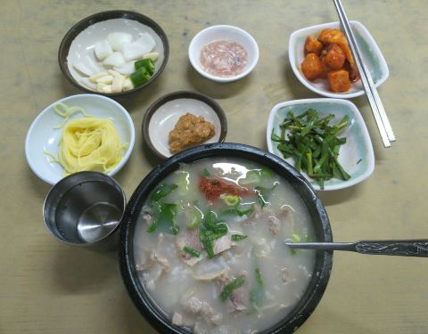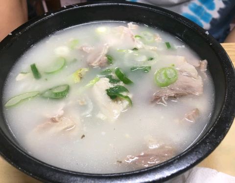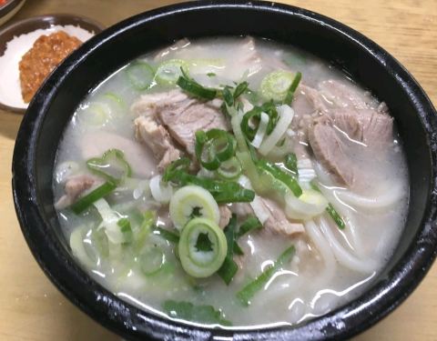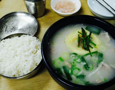 拥有70年悠久历史的传统猪肉汤饭店,给人一种在旅行的时候很想拍照留念的冲动。雪白的骨头汤,没有一点腥味,不添加配菜和佐料的情况下,非常清爽鲜美。首推混合猪肉汤饭,除了有嚼头的猪肉之外还可以尝到特色的米肠,十分满足。
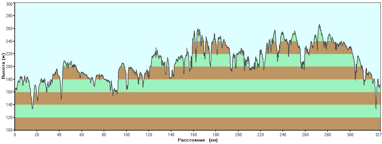 А теперь о конкретике. Выкладываю профиль первых 327 км трека - от точки старта до окончательного съезда на Е95 (немного не доезжая Ульяновки). До Одессы нужно будет добавить еще почти 300, там профиль известен.
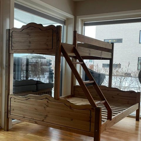 Lite og pent brukt familieseng/familiekøyeseng med madrasser og overmadrasser til salgs. Demontert.
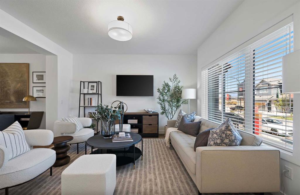 This thoughtfully designed home by Truman blends contemporary style with quality finishes and attention to detail. With three bedrooms and an open-concept layout, it offers a comfortable and practical space for modern living. At the rear of the home, the kitchen is both stylish and functional—featuring full-height cabinetry, soft-close doors and drawers, quartz countertops, a stainless steel appliance package, and a spacious pantry for added storage. The main floor is enhanced by 9′ ceilings and durable LVP flooring, creating a bright, open atmosphere that flows seamlessly through the living and dining areas. Upstairs, the primary bedroom provides a peaceful retreat with a walk-in closet and a stylish 3-piece ensuite. Two additional bedrooms offer flexible space for children, guests, or a home office. A 4-piece bathroom and an upper-level laundry — equipped with a washer and dryer—add everyday convenience. The unfinished basement, with its separate side entrance, presents a blank canvas for your future plans—whether you envision a family room, home gym, or additional storage. Located in the newly established community of Lewisburg – a thoughtfully planned, family-friendly community that offers the best of both worlds: tranquility and connectivity. Surrounded by parks, green spaces, and walking paths, it encourages an active, outdoor lifestyle. Photo gallery of similar home*
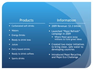 Pepsi launched the "Cool Eco-School" campaign targeting college students (ages 18-25) to encourage environmental awareness through a contest rewarding the 'greenest school' in America. The campaign will utilize social media platforms such as Twitter, Facebook, and YouTube for promotional activities and voting, backed by a $25 million budget. It aims to enhance Pepsi's online presence, increase brand awareness, and improve sales, with a timeline running from April to September 2023, culminating in a concert for winners in October.
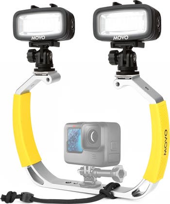 SOLID CAMERA RIG WITH RUBBERIZED HANDGRIPS - Strong aluminum alloy tray with yellow rubberized handgrips that are corrosion resistant and provides stable shooting on underwater dives as well as on land MULTIPLE MOUNTING OPTIONS - Features two cold shoe mounts for LED GoPro light, microphone, monitor and other gear, as well as a central action mount. Works well with GoPro super suit and other scuba diving accessories 1-YEAR WARRANTY: We’ve got your back. Our products are designed to ease your technical woes, not add to them. Our friendly US-Based support is here to help BUNDLED WATERPROOF LED LIGHTS - Two powerful 700 lumen lights that works up to 130 feet underwater. Each light features a long-lasting, rechargeable battery and a USB power adapter THREE LIGHT SETTINGS - Bright High Power mode, low output Power Saver mode, and flash strobe SOS mode. Includes 3 attachable color filters for white, orange, and purple lighting Take jaw-dropping underwater photos on your next dive trip with this all-inclusive bundle! The DiveRig1 is the ultimate two-handed stabilizer for shooting video while snorkeling or scuba diving. Rubberized hand grips and a wrist leash make it easy to hold on to, while the durable aluminum construction shrugs off drops and bumps with ease. An extended frame features two cold shoe mounts and a central action mount that works great with a wide range of underwater cameras, including the GoPro Hero series. The two bundled LED-WP lights each project 700 lumens up to depths of 130 feet. Three lighting modes cover all scenarios: High Power mode brings your photos to life, Power Saver mode is ideal for general illumination, and SOS mode will flash a continuous strobe in case of emergencies. The rechargeable battery lasts up to 7 hours and comes with a USB power adapter. Also included with each LED are 3 attachable color filters for white, orange, and purple lighting. Specifications (GB-U80): Composition: Aluminum Alloy Load Capacity: 11 lbs Dimensions (LxHxW): 9.65 x 6.8 x 1.45” Weight: 13.9 oz Specifications (LED-WP): LED Bulb Count: 20 Charge Voltage: 5V Charge Current: 500mA Power: 6W High-power battery length: 80 minutes Power-saver battery length: 6 hours SOS battery length: 7 hours Wattage: 6 watts/20 bulbs Depth Rating: 130’ Color Temperature: 5500K Lumen: 700LM Built-in Battery: 1900mAh Weight: 153g Dimensions (LxHxW): 75.5 x 51 x 61.6
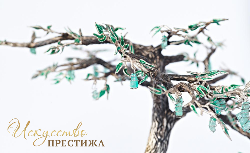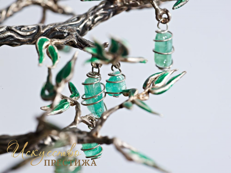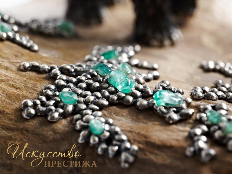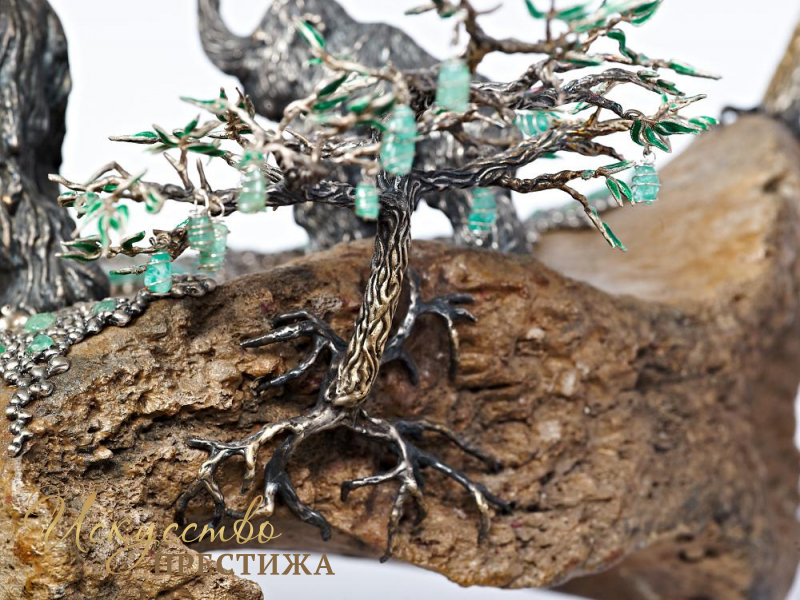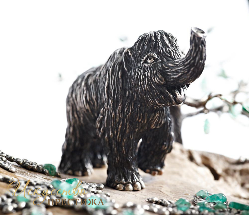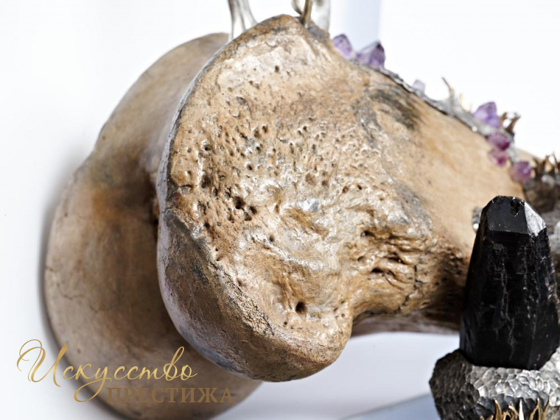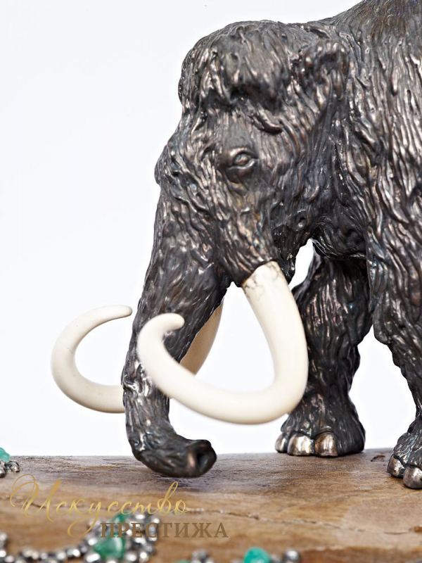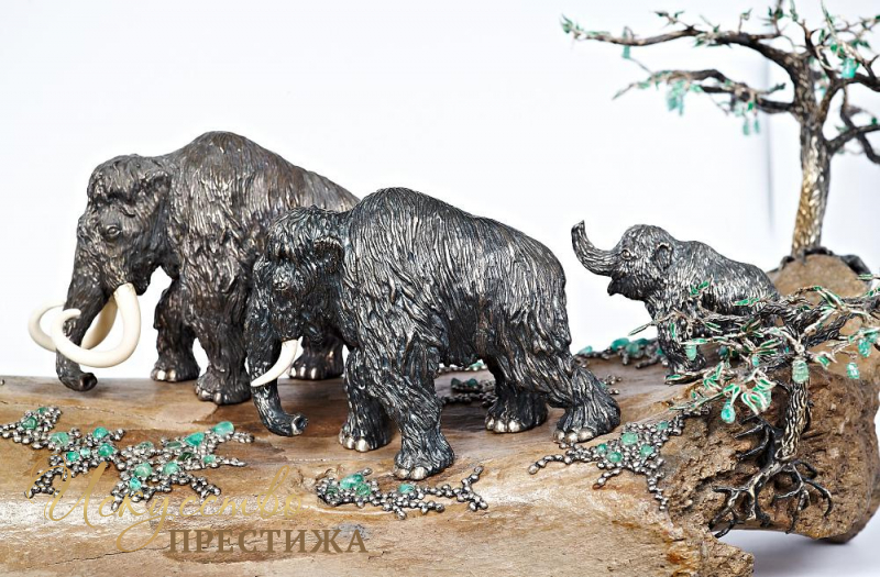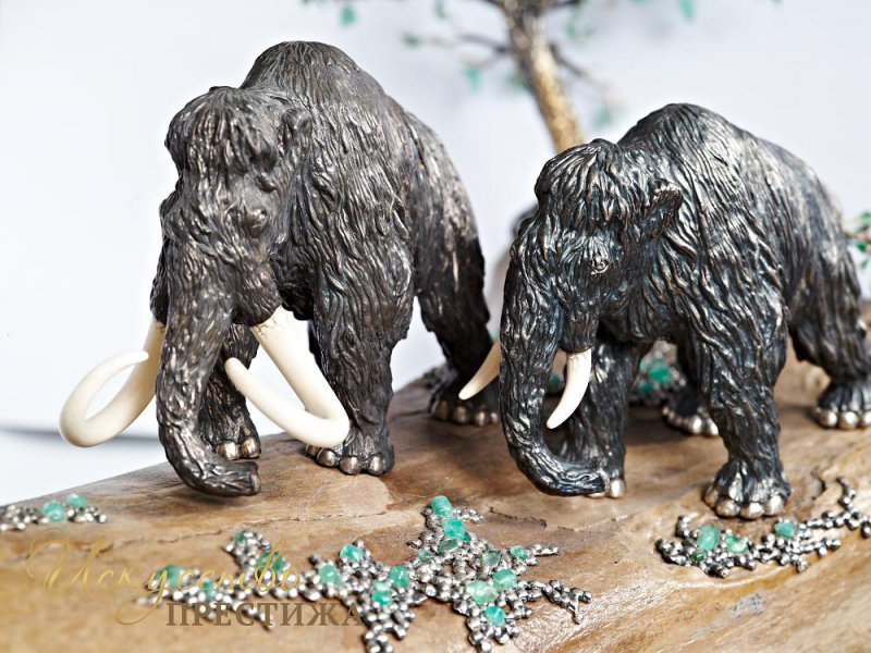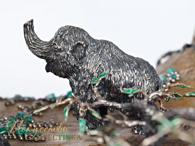Эксклюзивная композиция из серебра с элементами позолоты на кости мамонта с натуральными вставками.
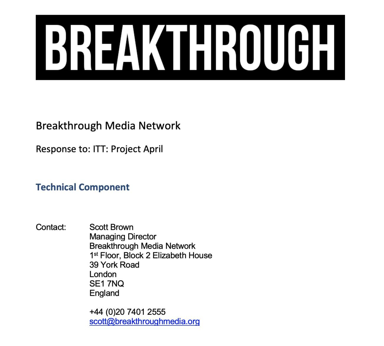 Breakthrough Media Network (company number 06651251) is a London strategic communications company that was founded in 2008. The firm specialises in producing digital campaign materials for “governments, non-profits, inter-governmental organisations and progressive companies”, with a goal to “strengthen society and inspire positive social change”. Breakthrough Media has produced a series of government campaign resources, including for the Department for Education, the Department for Health, the Foreign & Commonwealth Office, and the Home Office.
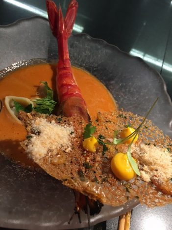 Pero lo mejor está por llegar. El ramen de pintada, con un magnífico caldo hecho con sus huesos e hígados, está para comerse una cazuela entera, lo mismo que el suquet thai de carabinero, con el crustáceo hecho en robata y acompañado también por una sutil tortillita de camarones y un alioli de azafrán.
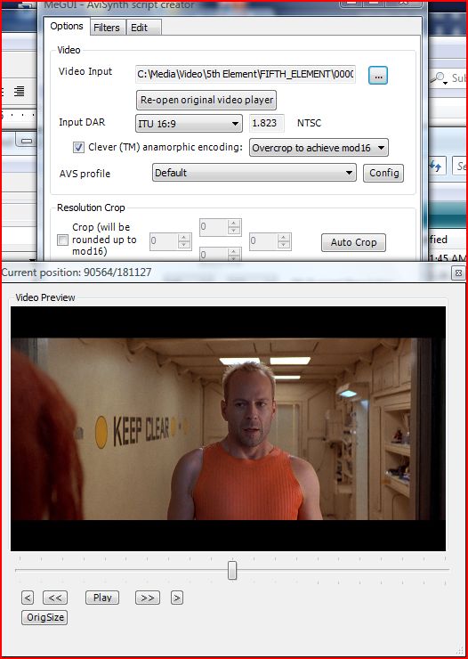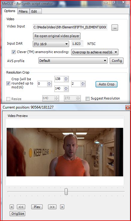 Once I select my Source .D2V file in the AVISynth Script Creator screen I see a preview window. The preview window size can be changed by dragging the window edges. Bigger sources makes the window unwieldy so I would suggest you make it small enough so that you can see the MEGUI interface underneath. Leave the preview window open as we'll be modifying some elements on the preview screen.
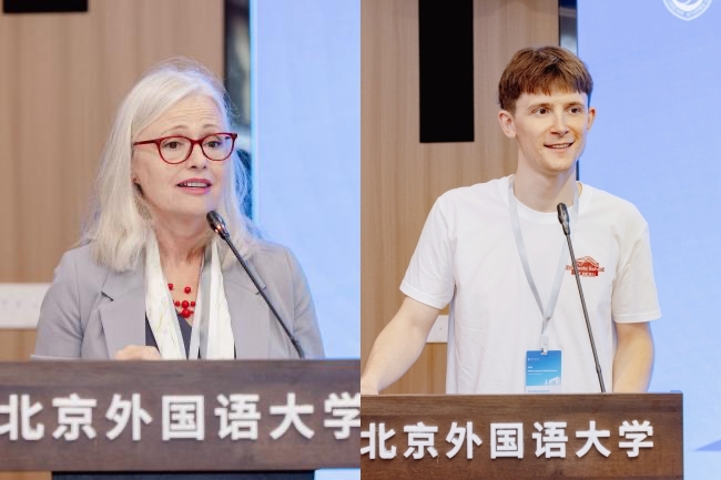 坦雅·赫夫林作为专家代表发言。她高度肯定了各位同学的求知欲与学习热情,深情回忆了第一堂课的场景。课堂始于“讲好故事的意义”这一话题。经过讨论,大家一致认为,“故事将我们与世界连接”,该理念与北外的育人使命不谋而合。赫夫林表示,同学们运用前沿理论解读古老传说时展现出的智慧与思想深度令她印象深刻。她相信,师生在共享故事、交流见解、切磋学问的过程中点燃的思维火花定能长久延续。希望各位同学永葆求知热情,祝愿这段时间积淀的国际友谊历久弥新。

▶ _What to do_
From the first line of the records down through the line containing "Lite og pent", transcribe exactly those lines and no others, both ends kept, pictures dropped.

▶ _Exercise output_
 拥有70年悠久历史的传统猪肉汤饭店,给人一种在旅行的时候很想拍照留念的冲动。雪白的骨头汤,没有一点腥味,不添加配菜和佐料的情况下,非常清爽鲜美。首推混合猪肉汤饭,除了有嚼头的猪肉之外还可以尝到特色的米肠,十分满足。
 А теперь о конкретике. Выкладываю профиль первых 327 км трека - от точки старта до окончательного съезда на Е95 (немного не доезжая Ульяновки). До Одессы нужно будет добавить еще почти 300, там профиль известен.
 Lite og pent brukt familieseng/familiekøyeseng med madrasser og overmadrasser til salgs. Demontert.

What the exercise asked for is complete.